Page MenuHomePhabricator

Network error from grid with mono bot
Closed, ResolvedPublic


When i run my mono bot from the grid using jstart, with

jstart -stderr -continuous -N PeriodiBOT -M my@email -m beas mono [program]

it can't connect to the network (timeout error) this problem doesn't happen if i run my bot directly on the tool account with

mono [program]

Note: My tool account have the Mozilla Trusted CA ROOT certificates on /.config/mono/certs/Trust

Event Timeline

I've spent sometime trying to debug this, to no avail.

The bot runs fine in bastion or on any gridengine host since T186846 was resolved.
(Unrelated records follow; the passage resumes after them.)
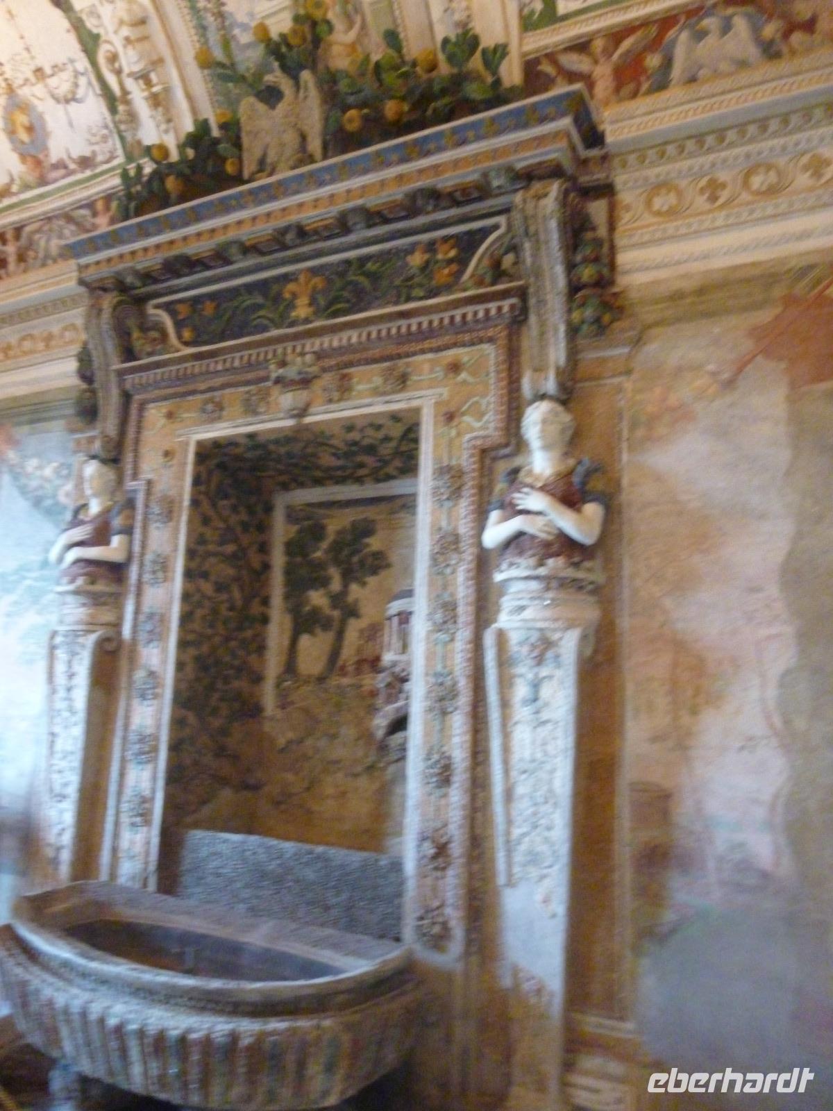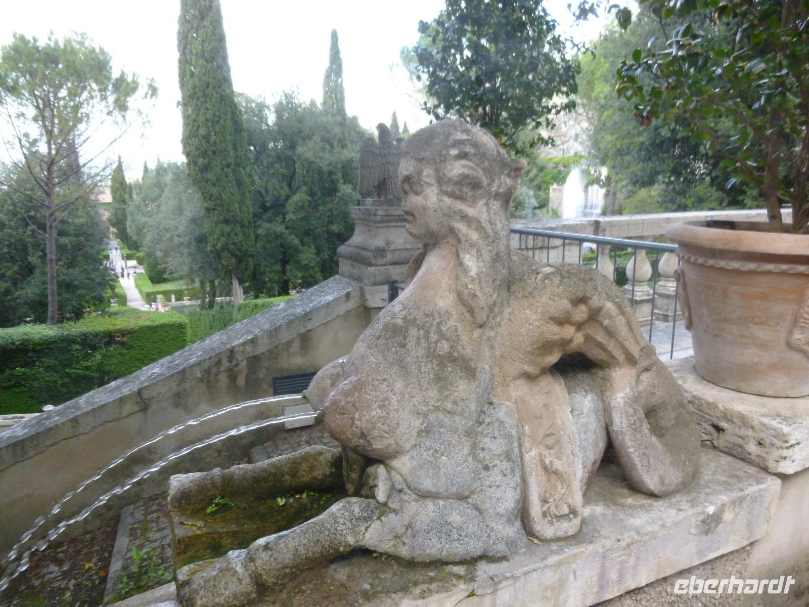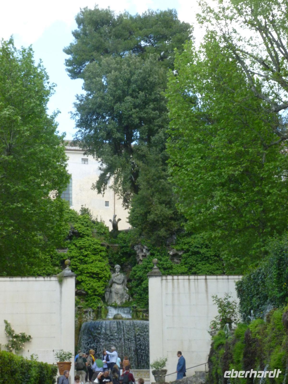 Gestärkt von einem leckeren Mittagessen im Städtchen versammelten wir uns zunächst in den Palasträumen des Kardinals d'Este und bewunderten die unter Zuccari freskierten Palasträume. Danach öffnete sich unserem Blick dem Garten von oben mit seinen Rampen, Wegen, Wasserspielen, Fischteichen und Figuren. Auf den Wegen des Kardinals fanden wir auch zum Orgelbrunnen - faszinierend in seiner Verbindung von Musik und Wasser. Ein Musikautomat, der sich auf antike Hydraulik gründete und dessen Hülle später von Bernini verkleidet wurde.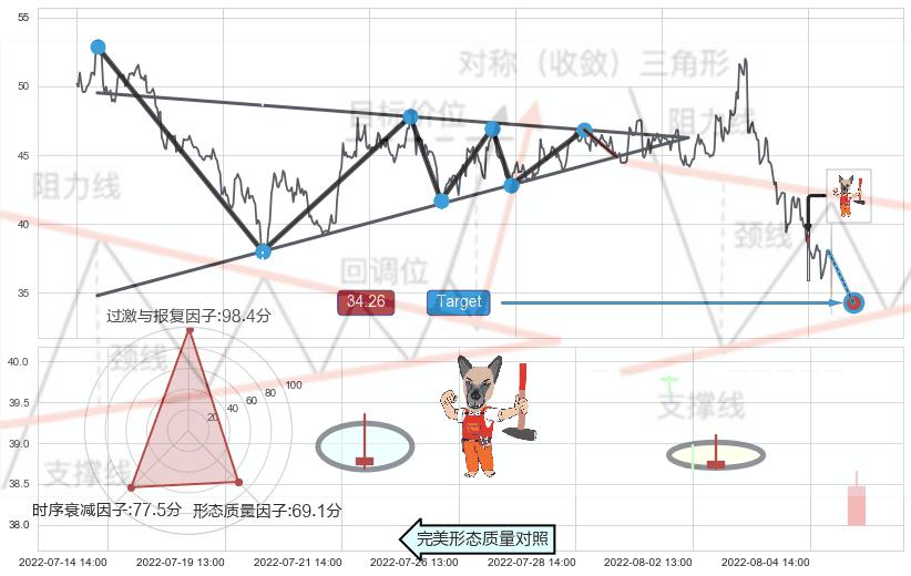 ➢ 上涨螺旋桨形态 🔜 下降对称三角整理临近target支撑拐点上涨 综合量化分数:57.37 【偏多】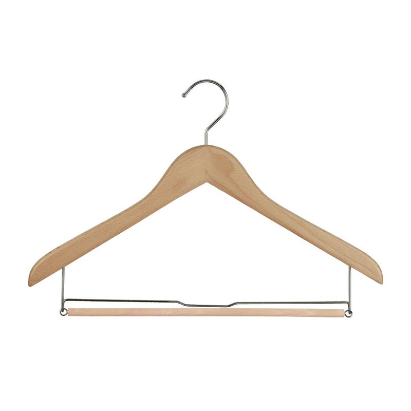 ホテル、アパレルなど企業様向け名入れ用に特別に制作いたしました。厚さ1.7cmでスペースを取らず、スーツやジャケット・制服の型崩れを防ぐハンガーです。 ※木製ハンガーは天然素材の為、多少サイズが異なる場合がありますのでご了承ください。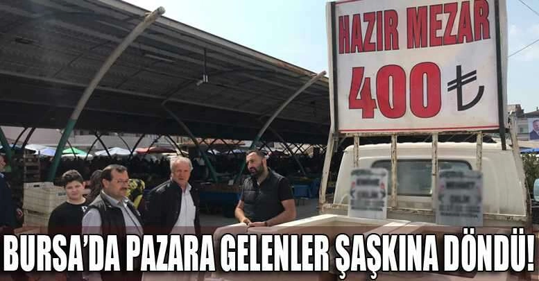 İznik'te pazar yerinde, kamyona yüklenerek getirilen hazır mezarlar 400 liradan satışa sunuldu. Pazara gelenler, mezar taşlarını görünce büyük şaşkınlık yaşadı.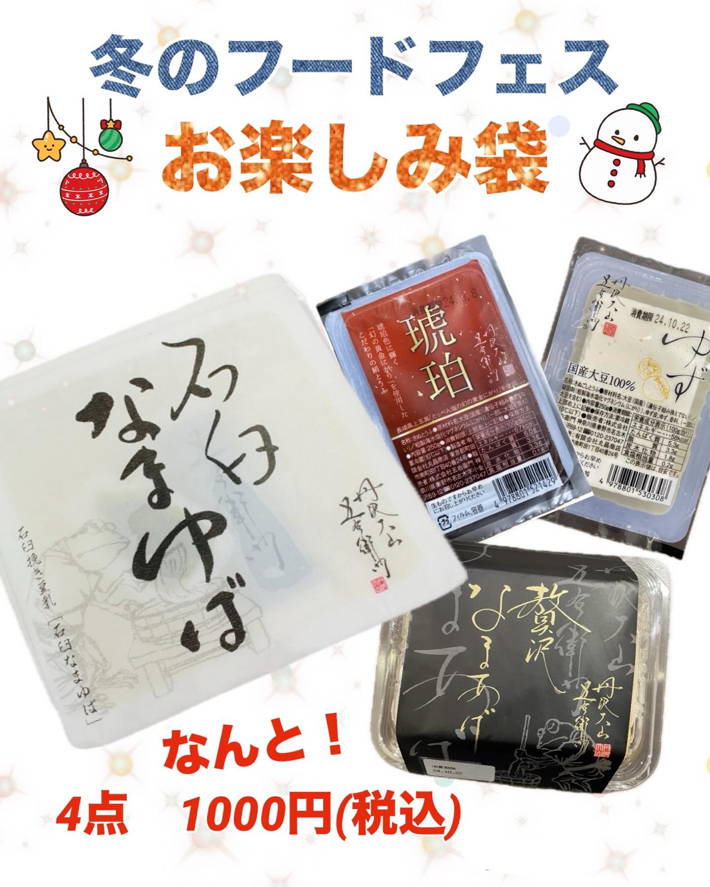 ✨小田急町田店限定開催✨ 本日、1日限定でお楽しみ袋を販売いたします🎁 人気のお豆腐、湯葉、なまあげが入った お楽しみ袋を1セット¥1000(税込) 50袋限定でご用意しております🎁 1日限定販売となります。 是非この機会にご利用下さい😊 スタッフ一同皆様のご来店お待ちしております😊 #小田急町田店 #冬のフードフェス #お楽しみ袋 #五右衛門豆腐 #50袋限定販売

If sent from the bastion to grid, however it gets stuck on the step to connect to es.Wikipedia and consumes 100% cpu on the exec host.

Directly on tools-exec-*

chicocvenancio@tools-exec-1423:~$ sudo become periodibot
tools.periodibot@tools-exec-1423:~$ mono PeriodiBOT/PeriodiBOT-IRC.exe
==================== PeriodiBOT 2.6.6608.9829 ====================
[2018/02/09 20:56:46] [LOCAL LOG] Undefined: Loading config
[2018/02/09 20:56:46] [LOCAL LOG] PeriodiBOT: Loading operators
[2018/02/09 20:56:46] [LOCAL LOG] PeriodiBOT: Starting...
[2018/02/09 20:56:46] [LOCAL LOG] PeriodiBOT: Signing in...
[2018/02/09 20:56:46] [LOCAL LOG] PeriodiBOT: Obtaining token...
[2018/02/09 20:56:49] [LOCAL LOG] PeriodiBOT: Token obtained!
[2018/02/09 20:56:49] [LOCAL LOG] PeriodiBOT: Login result: Success
[2018/02/09 20:56:49] [LOCAL LOG] PeriodiBOT: UserID: 4597225
[2018/02/09 20:56:49] [LOCAL LOG] PeriodiBOT: Username: PeriodiBOT

jsub from bastion:

root@tools-bastion-03:~# become periodibot
tools.periodibot@tools-bastion-03:~$ jsub -N PeriodiBOTChico mono ~/PeriodiBOT/PeriodiBOT-IRC.exe
tools.periodibot@tools-bastion-03:~$ tail PeriodiBOTChico.out

Login Failed (Network error)
The request timed out

Press any key to exit or wait 5 seconds
......[2018/02/09 20:54:14] [LOCAL LOG] PeriodiBOT: Obtaining token...

And on tools-exec-1423:

chicocvenancio@tools-exec-1423:~$ ps aux|grep mono
tools.p+ 30836 99.4 0.2 470788 22788 ? Ssl 20:48 4:07 /usr/bin/mono-sgen /data/project/periodibot/PeriodiBOT/PeriodiBOT-IRC.exe

Is there some environment setup in the tool's .profile or .bashrc that is needed by the mono runtime? A job submitted to the grid will not be run from a login shell and may be missing environment settings that would be present for an interactive job. The fix for this is to create a shell script that sets up the needed environment and then execs the core program and submit that to the grid instead.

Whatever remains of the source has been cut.